Work task: Transcribe the entries below word for word, beginning at the line with "加拿大唯一梵克雅宝指定经销商-Birks高级珠宝连锁店。温尼伯location可订购 Birks Winnipeg" and stopping after the line with "Apenas ahora la"; drop all pictures.

Supplied records:

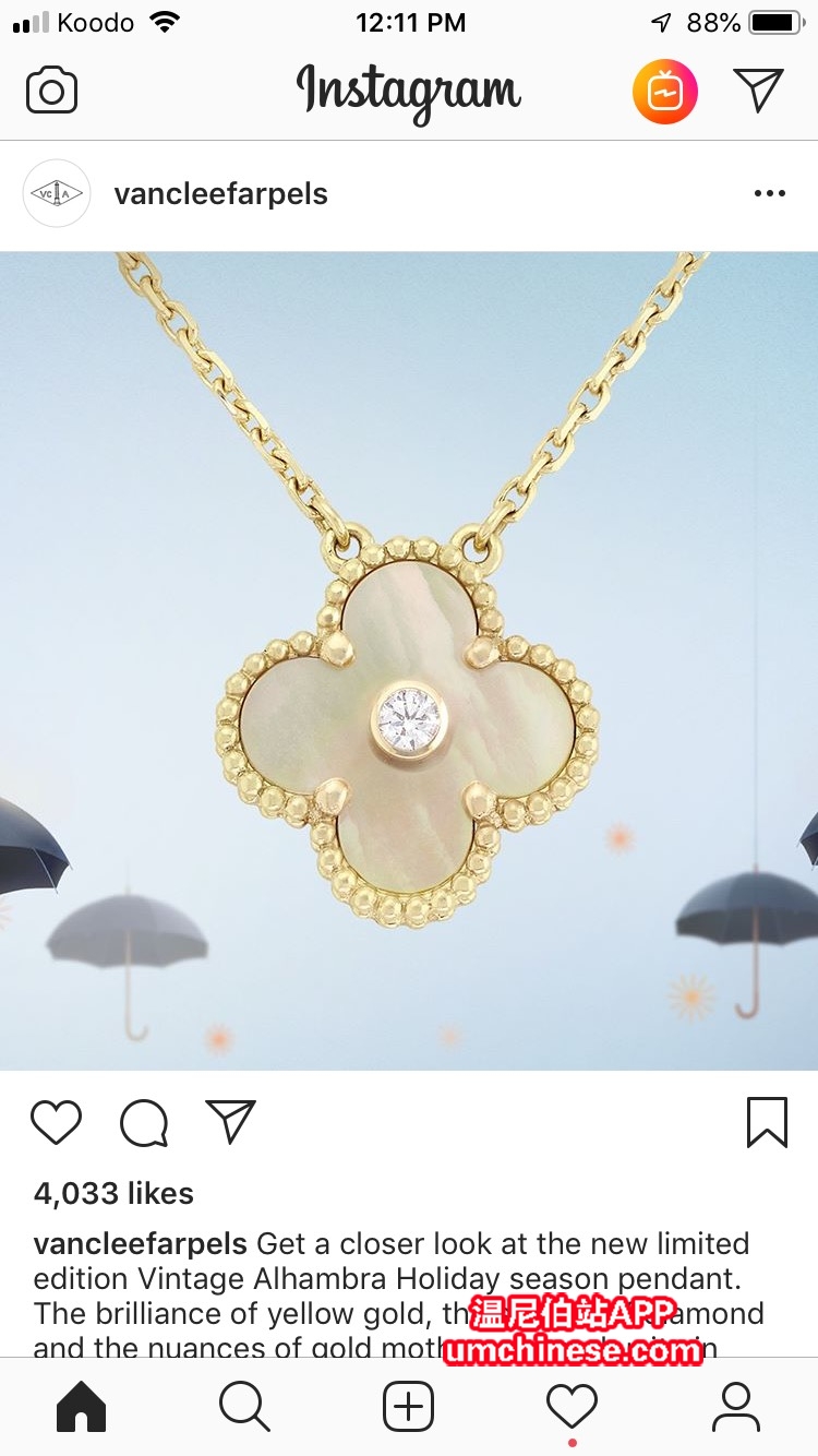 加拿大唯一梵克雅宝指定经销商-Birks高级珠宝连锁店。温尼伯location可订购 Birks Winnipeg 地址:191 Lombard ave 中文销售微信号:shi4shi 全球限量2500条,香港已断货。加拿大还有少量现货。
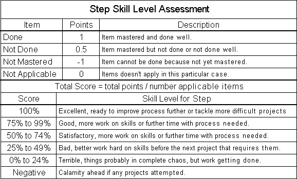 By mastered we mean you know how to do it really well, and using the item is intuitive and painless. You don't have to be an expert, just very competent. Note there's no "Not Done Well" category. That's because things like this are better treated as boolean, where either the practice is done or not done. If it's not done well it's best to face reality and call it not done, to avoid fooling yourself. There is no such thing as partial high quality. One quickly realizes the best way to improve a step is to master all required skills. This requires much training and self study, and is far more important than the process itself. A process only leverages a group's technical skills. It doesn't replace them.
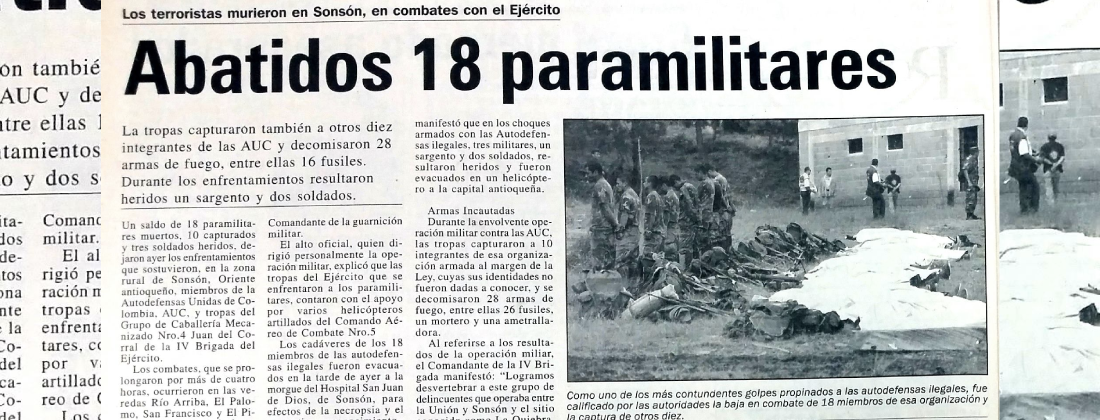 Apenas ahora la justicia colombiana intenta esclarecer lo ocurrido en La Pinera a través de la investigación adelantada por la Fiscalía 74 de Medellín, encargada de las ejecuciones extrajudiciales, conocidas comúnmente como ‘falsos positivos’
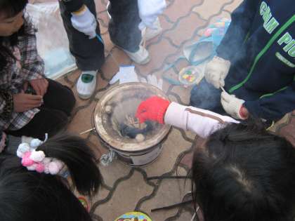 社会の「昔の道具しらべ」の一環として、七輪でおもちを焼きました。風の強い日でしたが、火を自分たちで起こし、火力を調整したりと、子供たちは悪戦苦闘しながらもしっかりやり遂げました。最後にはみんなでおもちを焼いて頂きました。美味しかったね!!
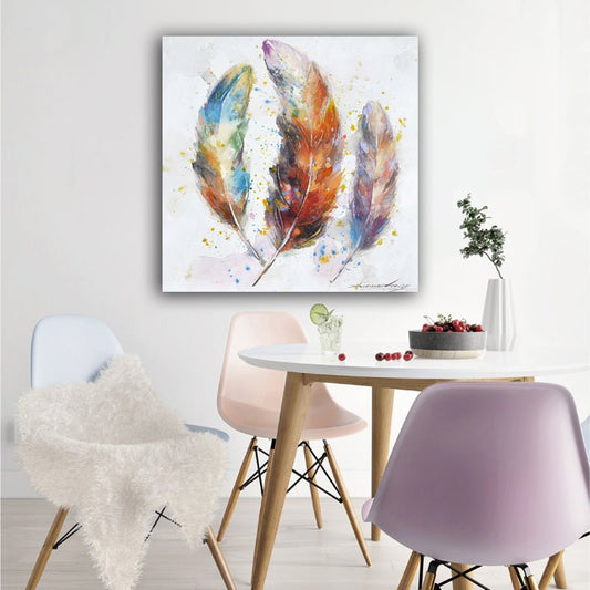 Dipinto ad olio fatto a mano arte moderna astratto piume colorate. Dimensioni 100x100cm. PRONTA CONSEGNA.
...
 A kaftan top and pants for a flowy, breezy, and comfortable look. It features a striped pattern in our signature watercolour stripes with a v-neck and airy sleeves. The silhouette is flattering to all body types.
==
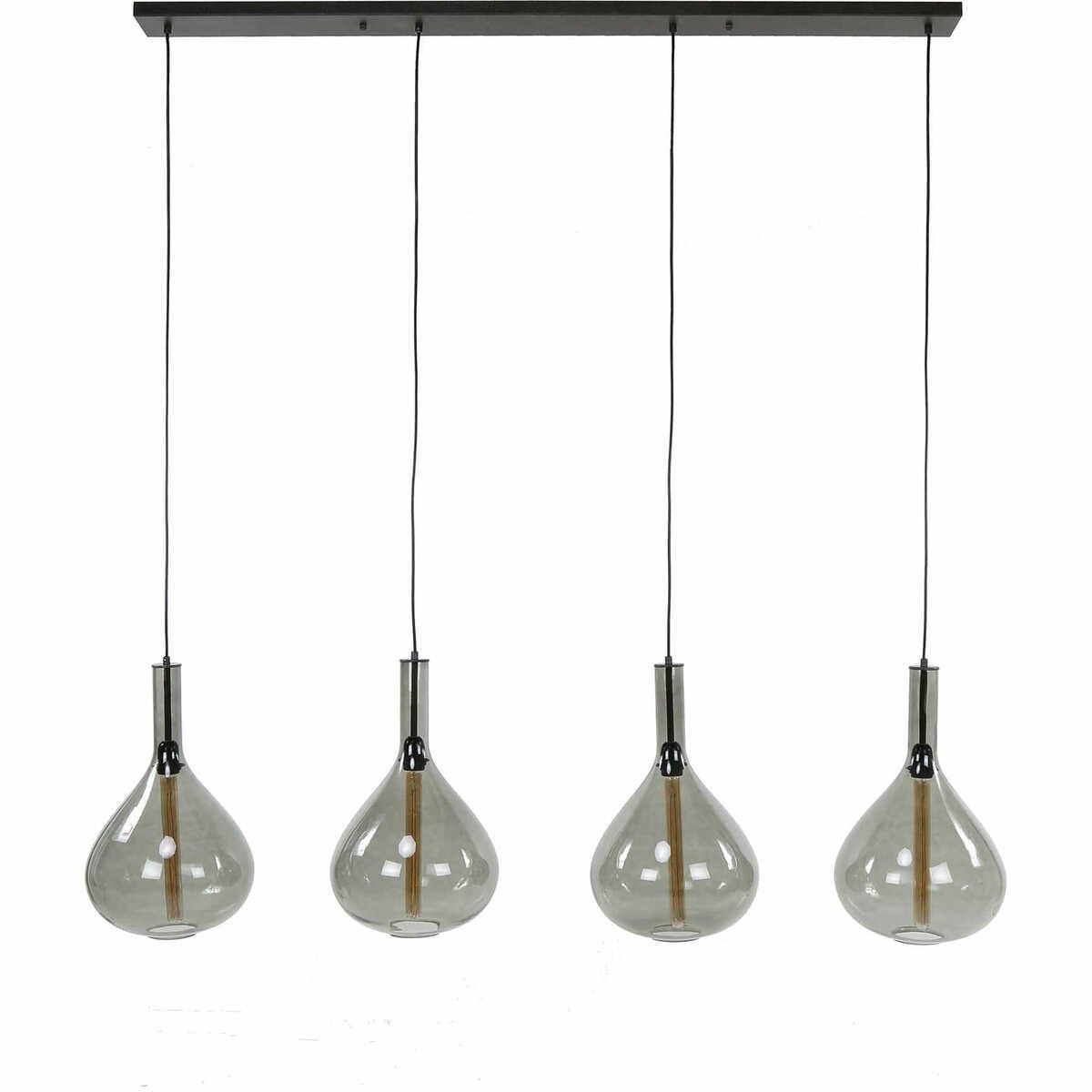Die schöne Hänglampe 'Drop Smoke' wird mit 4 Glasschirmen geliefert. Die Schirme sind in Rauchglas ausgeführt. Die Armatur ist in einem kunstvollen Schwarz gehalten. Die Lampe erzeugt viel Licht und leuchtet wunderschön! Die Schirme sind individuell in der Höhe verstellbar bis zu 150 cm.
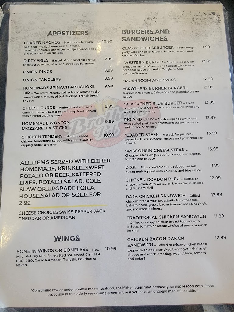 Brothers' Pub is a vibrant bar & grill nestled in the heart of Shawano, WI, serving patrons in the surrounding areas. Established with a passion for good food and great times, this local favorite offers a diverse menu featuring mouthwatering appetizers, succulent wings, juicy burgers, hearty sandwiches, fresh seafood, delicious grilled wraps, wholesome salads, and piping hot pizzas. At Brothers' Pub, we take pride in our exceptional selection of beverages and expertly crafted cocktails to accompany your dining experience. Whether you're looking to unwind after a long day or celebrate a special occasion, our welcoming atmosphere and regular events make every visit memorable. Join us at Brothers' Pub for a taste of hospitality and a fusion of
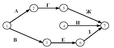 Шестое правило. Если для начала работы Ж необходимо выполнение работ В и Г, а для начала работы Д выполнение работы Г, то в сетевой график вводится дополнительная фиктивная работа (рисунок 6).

Your response:
 加拿大唯一梵克雅宝指定经销商-Birks高级珠宝连锁店。温尼伯location可订购 Birks Winnipeg 地址:191 Lombard ave 中文销售微信号:shi4shi 全球限量2500条,香港已断货。加拿大还有少量现货。
 By mastered we mean you know how to do it really well, and using the item is intuitive and painless. You don't have to be an expert, just very competent. Note there's no "Not Done Well" category. That's because things like this are better treated as boolean, where either the practice is done or not done. If it's not done well it's best to face reality and call it not done, to avoid fooling yourself. There is no such thing as partial high quality. One quickly realizes the best way to improve a step is to master all required skills. This requires much training and self study, and is far more important than the process itself. A process only leverages a group's technical skills. It doesn't replace them.
 Apenas ahora la justicia colombiana intenta esclarecer lo ocurrido en La Pinera a través de la investigación adelantada por la Fiscalía 74 de Medellín, encargada de las ejecuciones extrajudiciales, conocidas comúnmente como ‘falsos positivos’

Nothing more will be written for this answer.